It can be confusing, this Gospel of wild grace. I think that’s why Paul goes to such great lengths to attempt to explain it in the book of Romans.
And despite all we have at our fingertips in the Bible, we still ask ourselves: but if God will still love me the same whether I sin or don’t sin, why does my sin matter?
I stopped asking this question when I had a child, because having a child answers about half as many questions as it brings up, and this is one of those questions it answers. You don’t wonder any longer how God can love us and hate our sin when your anger burns hot and sudden against your toddler deliberately doing something unsafe. You don’t wonder how God can hate our sin and yet love us completely when you see the utter helplessness of your DNA curled up against your chest, then holding his head up, then feeding himself, walking, running . . . you don’t wonder because you know what it is like to love somebody that you had a hand in making.
But even though I feel like I understand, I know that this is only a vague glimpse into how God loves us because my love for Littlefoot is limited by the amount of love I have for my own DNA. I see pieces of myself in him, pieces that aren’t sin but that I don’t like, and I have to learn to love those pieces too. When God sees His image in us, that image is utterly perfect. There is no struggle for Him to accept any part of us that reflects Him, and that is all He sees. Because of Jesus’ labor on the cross, we are born again as entirely His.

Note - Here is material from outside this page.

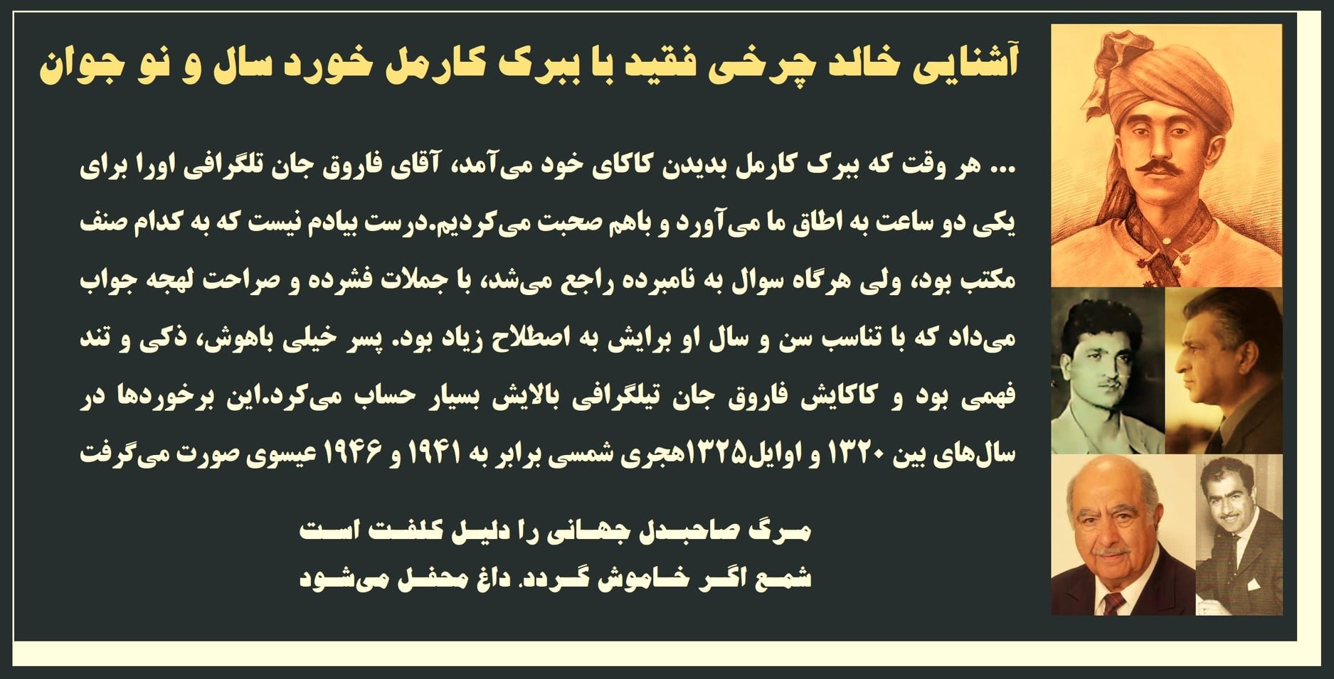 اما در اوضاع و شرایط کنونی ما به یک رهبر شجاع, آگاه, ثابت قدم, از خود گذر, خون سرد, سالم اندیش و بلاخره به یک رهبر فرزانه صادق و پرهیزگار مانند رفیق کارمل نیاز داریم که در قدم نخست رهبری ما و بعد رهبری تمام نیروهای مترقی و ملی را به عهده گیرد, سوق, اداره و رهبری سالم نماید و به دین ترتیب به آرمانها و آرزوی میلیونها انسان به غم نشسته پاسخ گوید و رویا ها را به حقیقت مبدل سازد.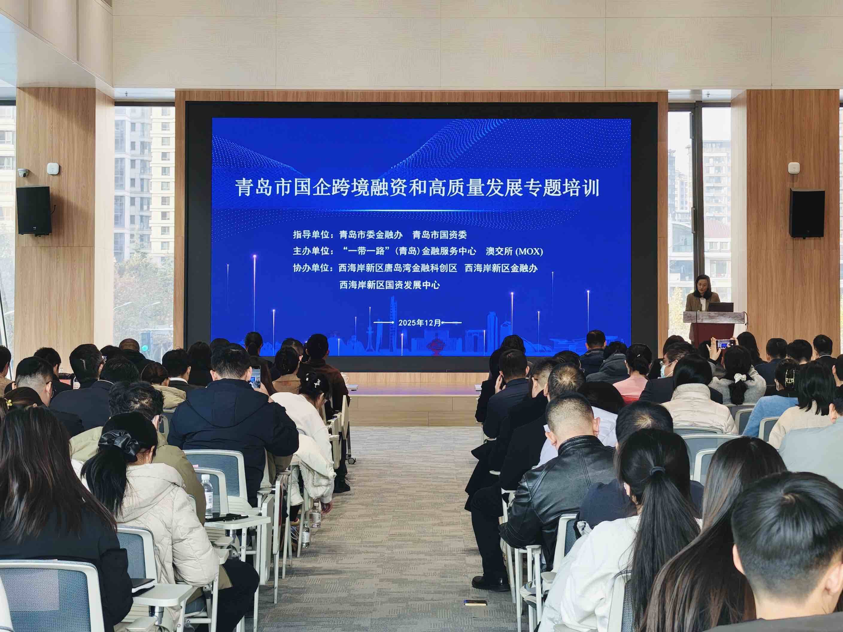 為持續(xù)推進(jìn)青澳兩地跨境合作,充分發(fā)揮“一帶一路”(青島)金融服務(wù)中心作用,拓展青島國有企業(yè)融資渠道,提升“走出去”的能力,12月4日,青島市地方國企跨境融資及高質(zhì)量發(fā)展專題培訓(xùn)成功舉辦。本次培訓(xùn)由青島市委金融辦、市國資委聯(lián)合指導(dǎo),“一帶一路”(青島)金融服務(wù)中心、中華澳門金融資產(chǎn)交易股份有限公司(以下簡稱“MOX澳交所”)主辦,青島西海岸新區(qū)唐島灣金融科創(chuàng)區(qū)、西海岸新區(qū)金融辦、西海岸新區(qū)國資發(fā)展中心協(xié)辦,來自市、區(qū)(市)兩級近70家國企的高級管理人員、財務(wù)管理人員、投融資負(fù)責(zé)人以及財政、金融、國資部門相關(guān)負(fù)責(zé)人員參會,總?cè)藬?shù)近150人。

The life we now live here, in this body that’s decaying, is a process of becoming more and more transformed into the person that God already sees us to be. God is not limited by time and space; He is not ignorant of our sin, but in the eyes of God our sin has already been dealt with even as we are in the midst of sinning. And this is why it is so wildly inappropriate for us to consider “getting away” with sin.
Our obsession needs to be Christ and Him alone. Our behavior falls in line when we seek Him. And this is why I love Philippians Chapter 3, because nearly two years ago I finally understood what it was saying and things have never been the same since. The weight of guilt was eradicated; the obsession with my own goodness was turned upside down. I could finally see this for what it was: pride. For years I claimed to understand that my pity-parties were rooted in pride; I said I knew that low self-esteem was just pride dressed up in rags. Yet I continued to pursue a form of godliness while denying its power. I lived in defeat. I was seeking to be good enough for God, and in so doing was declaring that God had not already made me good enough for Him. What a lie.
I can’t say it’s easy, living by faith, but it is not complicated. Trust and obey. Put Christ first. All the rest sorts itself out.